I love my kids. This should be obvious, and I guess I feel the need to prove it to them through this excess. I want them to feel as loved and treasured as they are on their special day, so I go overboard. This isn’t a justification. It’s a plea.

The negative effects of all this over indulgence are all too real. I notice it most starkly on the day of the celebration, but it lingers long after. My kids are spoiled. They have no concept of how lavish their parties have become. Their sense of gratitude is stunted even though I force distracted “thank you’s” from birthday boys and girls near crazed with excitement and high on sugar.

I long for the baby years. To witness once more their unmitigated delight as they open their little gifts. Or their wide eyed, open mouthed wonder when they are presented with their first birthday cake, candles ablaze.

I love my kids, so I am going to fix this. I am getting off this crazy train and I’m not looking back. It will be hard at first. Perhaps it will be doubly so since I am obviously not the only mother caught up in this cycle of expectation and ingratitude. Every week a new invite appears in my inbox. Another Mom is making her best effort, shelling out way too much dough. Because apparently this is what we do now.

I don’t need to go back to the drawing board. I’ve adopted some lovely rituals that I know the kids treasure dearly. I guess I’ve gotten pretty good at cake decorating because when I presented my oldest with his cake this year, in the cardboard cake box I had used to transport it, I heard the hurt in his voice when he asked “a store bought cake?” And truly, I love making those cakes. I love making the just perfect one for the person they are in this fleeting moment.  Creating it is a way to quietly consider (usually at 2am on the birthday eve) the person they are becoming and the child they are leaving behind.

My younger kids wear their birthday crown and rainbow cape at the breakfast table. Sometimes the birthday chair is lit up with twinkle lights. The big kids still allow me to decorate their birthday chair with a Balloon bouquet. There is a special, if slightly tattered banner that hangs over the table and always a jar of blooms set out next to the gifts.  I hope someday they fight over that banner and cape.

I actually love our pancake tradition, but perhaps on school days the birthday child could wait until after school to open her gifts. Or maybe she could be permitted to choose just one from the pile. Gift opening really isn’t something to be rushed anyway.

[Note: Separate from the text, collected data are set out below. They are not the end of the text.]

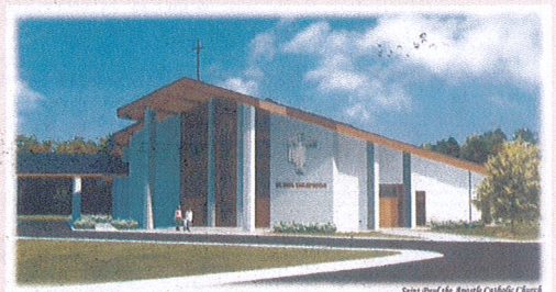
St. Paul the Apostle Catholic Church Baton Rouge, Louisiana, 2019, Pastor

Baptism: Call the Rectory to make arrangements. Infant Baptism is on the first Sunday of the month. Attendance of the pre-baptism workshop is required. Marriage: Make arrangements six (6) months in advance of wedding date with the pastor. Communion to the Sick: Please call the office to make arrangements to bring communion when someone is unable to attend Mass due to illness.
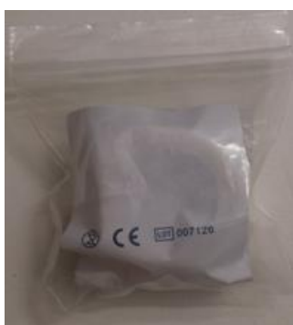
Photo 1 --- Non-woven Adhesive Tapes in PE bag
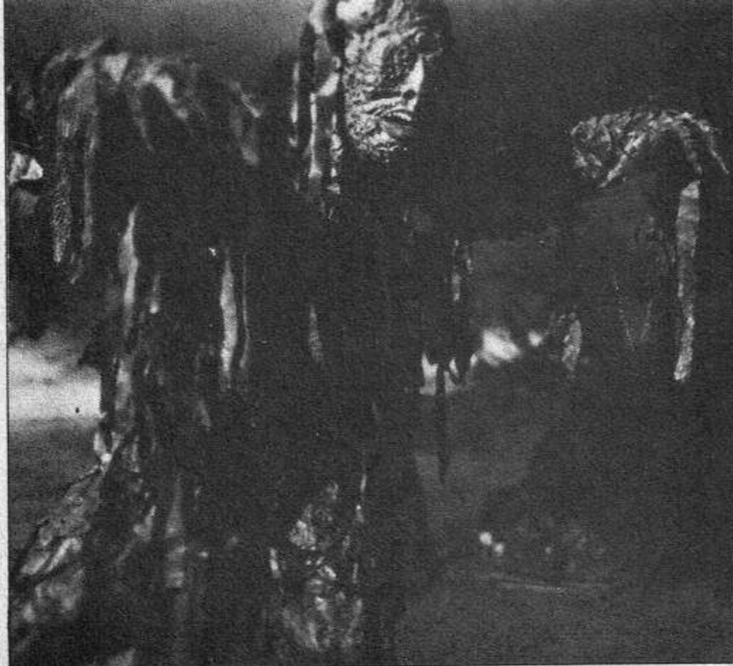
"Ghost in Space," Year One. Bog Monster or Uncle Thaddeus?

An outer-space court accuses the Robinsons of various crimes in space, but after questioning it becomes apparent that
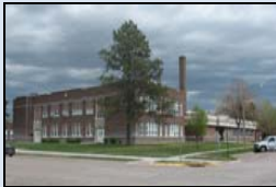
Gordon-Rushville Middle School
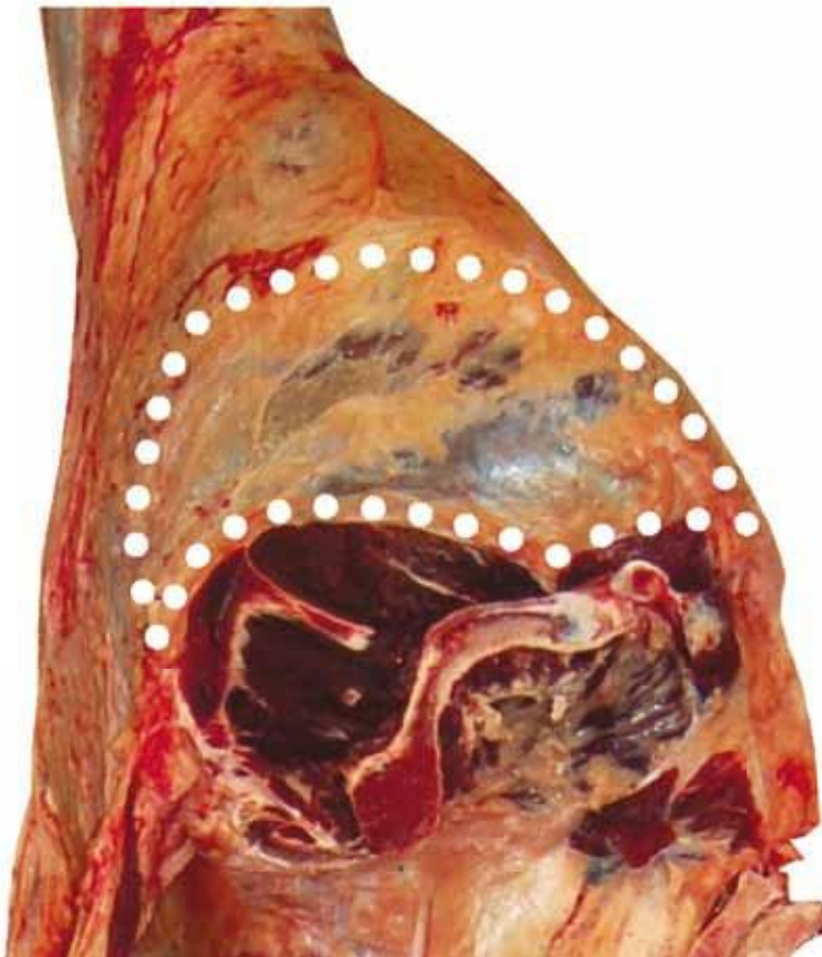
Figure 4 - Topside (Crown) Fat Trim

Photographs reproduced in agreement with RPA Inspectorate UK
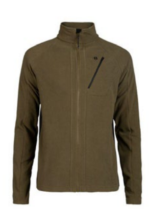
Blue - 33
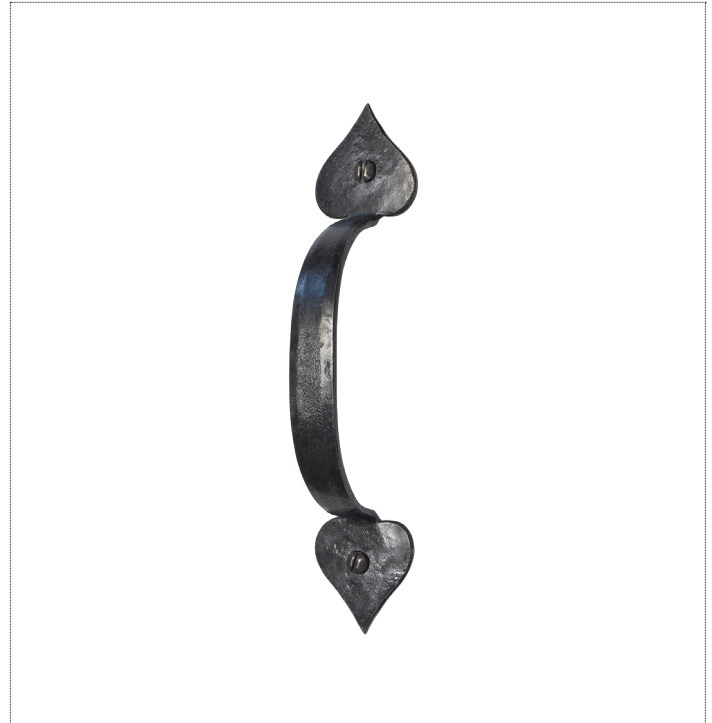
Shown with dark wax iron finish.
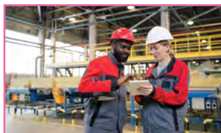
MANUFACTURERS AND SUPPLIERS
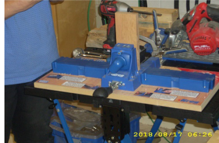
Large jig used in construction
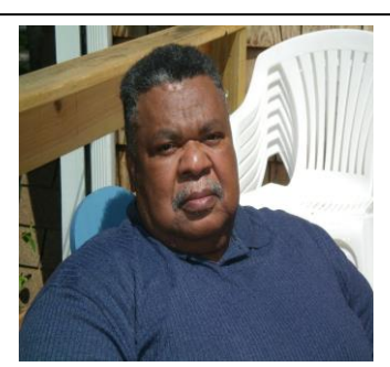
President Cleveland Kurtz

and very much present. But as a consumer of the music I did not have the perspective, point of view, or vantage point of the musicians that made it all happen.
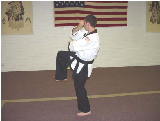
...recoil and load for a right low block.

I would like their birthdays to feel like the ones I remember from my childhood. I remember warm family gatherings with grandparents, lots of photographs, and a few thoughtfully chosen presents. Since I am an August birthday I had a couple of special ones while we were on summer vacation. I remember one “cake” made of marshmallows and foreign candies, arranged in a baking dish with candles stuck in.  In the pictures I am wearing my favorite cat nightgown and my cheeks are a little sunburned. I set my hair on fire that year.

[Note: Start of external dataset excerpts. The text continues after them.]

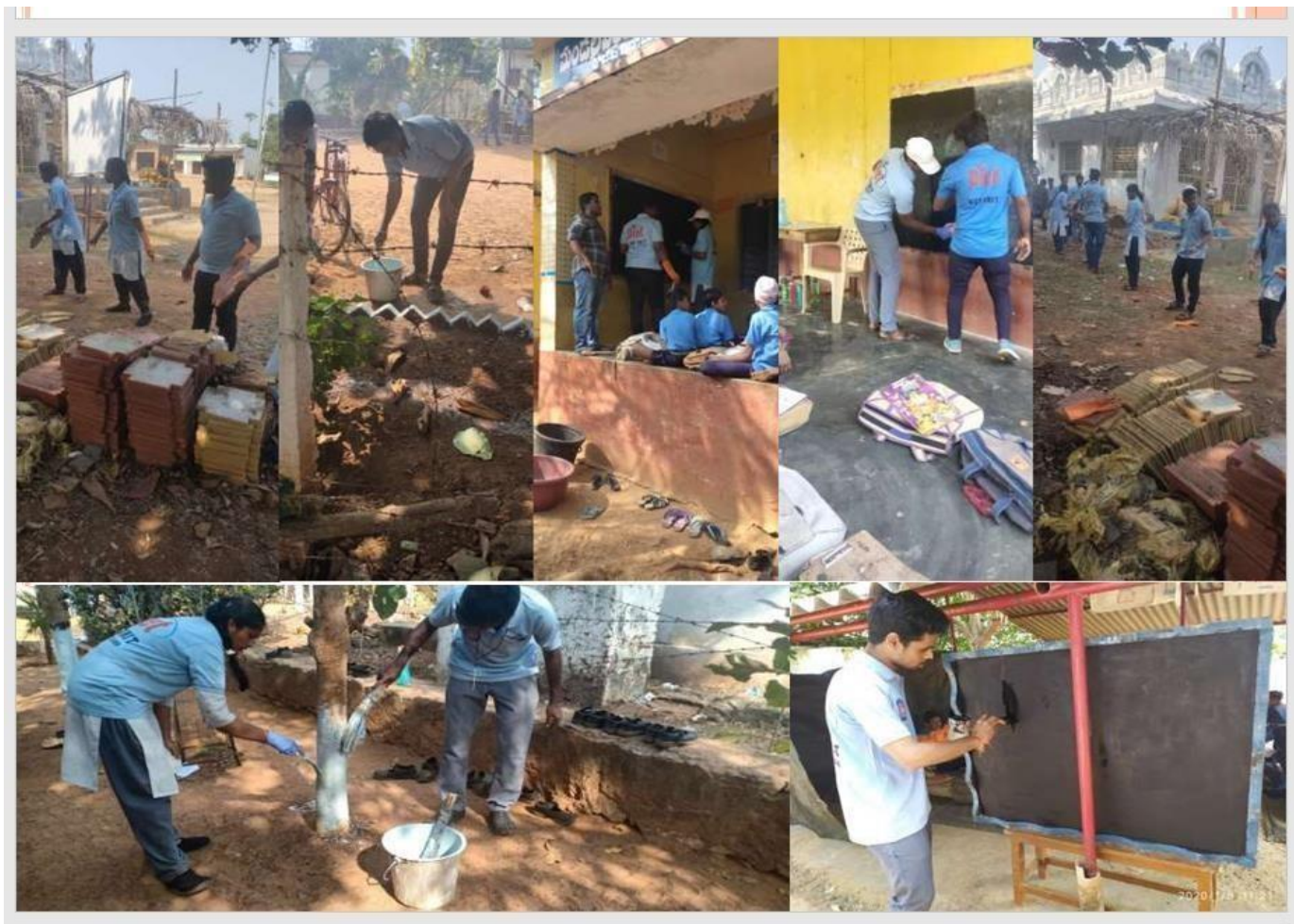
NSS Unit student volunteers visited Maredupudi village on 9-1-2020
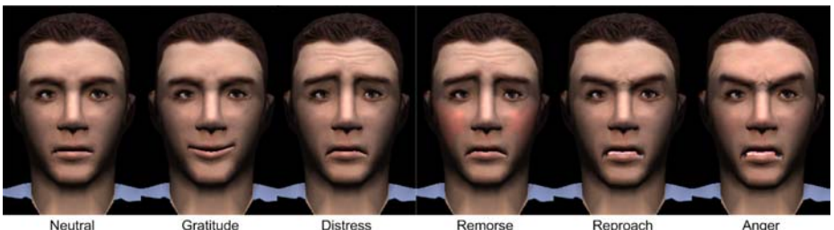
Fig. 1. The facial expressions used for the moral virtual human condition. Usual facial configurations are used for gratitude, distress, remorse, reproach and anger. Typical wrinkle patterns are used for distress, remorse, reproach and anger. Blushing of the cheeks is used for remorse and (light) redness of the face is used in anger.

Virtual Humans. The virtual human platform we use supports expression of emotions through gesture, face and voice [12]. The focus on this work, however, is on expression of moral emotions through the face. Facial expression relies on a pseudomuscular model of the face and on simulation of wrinkles and blushing. The facial expressions for the moral virtual human condition are shown in Fig.1. These expressions are elicited after the subject chooses its action and the outcome of the round is shown. The neutral condition uses the neutral face. Aside from facial expression, Perlin noise to the neck and torso and blinking was added to both conditions to keep the virtual human from looking stiff while the subject is choosing its actions. Finally, a different shirt (i.e., texture) is chosen to help distinguish the two virtual humans the subject plays with. Shirts vary according to letter (A or B) and color (blue or yellow). The letter 'A' is always assigned to the first player and the letter 'B' to the second. The shirt colors are assigned randomly to each player. Neutral images of the respective virtual humans, with the respective shirts, are also shown in the debriefing questions to help subjects remember the players.
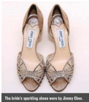
The bride's sparkling shoes were by Jimmy Choo.
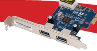
USR8402 2-Port USB 3.0 PCI Express Card
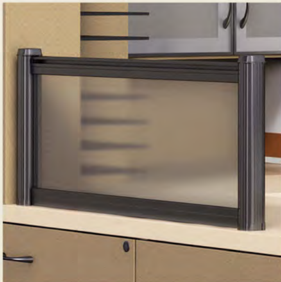
Divide™ a modular desk-mounted panel system shown with glazed panels which vertically stack to provide privacy.
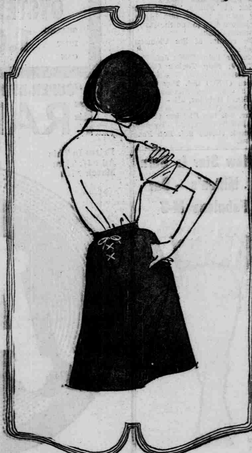
pert surfer skirt . . .

Sailor look that brings backhanded compliments! Feminine and crisp cotton Sufitone A-liner with white sailor lacing in back and big patch pocket in front. Old Salem® makes it in blue or red, sizes 5-15.
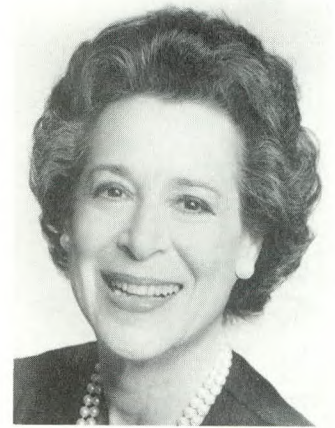
Kitty Carlisle Hart Chairman

As you know, and thanks in large part to your efforts, the budget for 1994-95 has seen a further increase of more than $5 million. We sincerely hope that this is a trend that will continue, and all of us look forward to working with you in the years ahead. Finally, we thank you for all your hard work in helping to maintain New York's premier position in the arts of these United States.
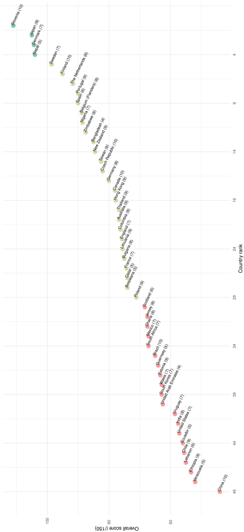
Figure 1 — Plot of the overall score estimated for the 10 core indicators for the 49 countries of the Global Matrix 3.0. Note: The overall score was adjusted for missing and incomplete grades. The number in parenthesis shows the number of grades available for the calculation of the score.
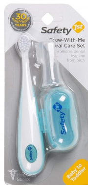
Safety 1st brand 3 piece oral care
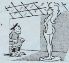
"When do you expect your paints and easel to be delivered?"
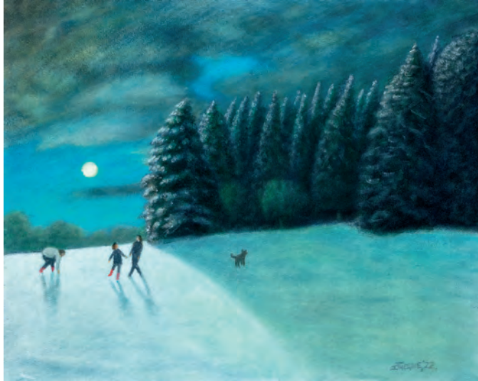
The Woods Are Lovely, Dark and Deep... Oil on board 16 x 20 inches
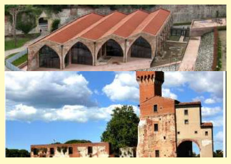
Arsenali medicei Torre della Cittadella e Cittadella Vecchia

Of course I did have my special tenth birthday “disco”! It was like a dream. All my friends and cousins were invited and there was even a DJ. Mum made a Michael Jackson cake and I wore a deep blue dress with a big pink bow. I felt like a star.

As far as I could tell everyone had a blast. There were no complaints about the flavor of the cake, or the choice of music and games. Nobody commented that the knick knacks in their favor bags were lame. In fact, I’m almost certain their were no favor bags. And nobody complained about that either. We kids were genuinely grateful for our afternoon at the “disco” and I had no expectation that it would happen again ever.

Very soon Little Bear will turn four. I have not booked the party room at the Zoo even though it was my first impulse. Nor have I committed myself to hosting a backyard extravaganza for thirty or so kids and their parents. It will be a bit of a challenge, but it is time to focus on our more meaningful traditions.  Less outrageous, but just as rooted in the desire to make the birthday child feel as precious as we all deserve to feel on our birthday.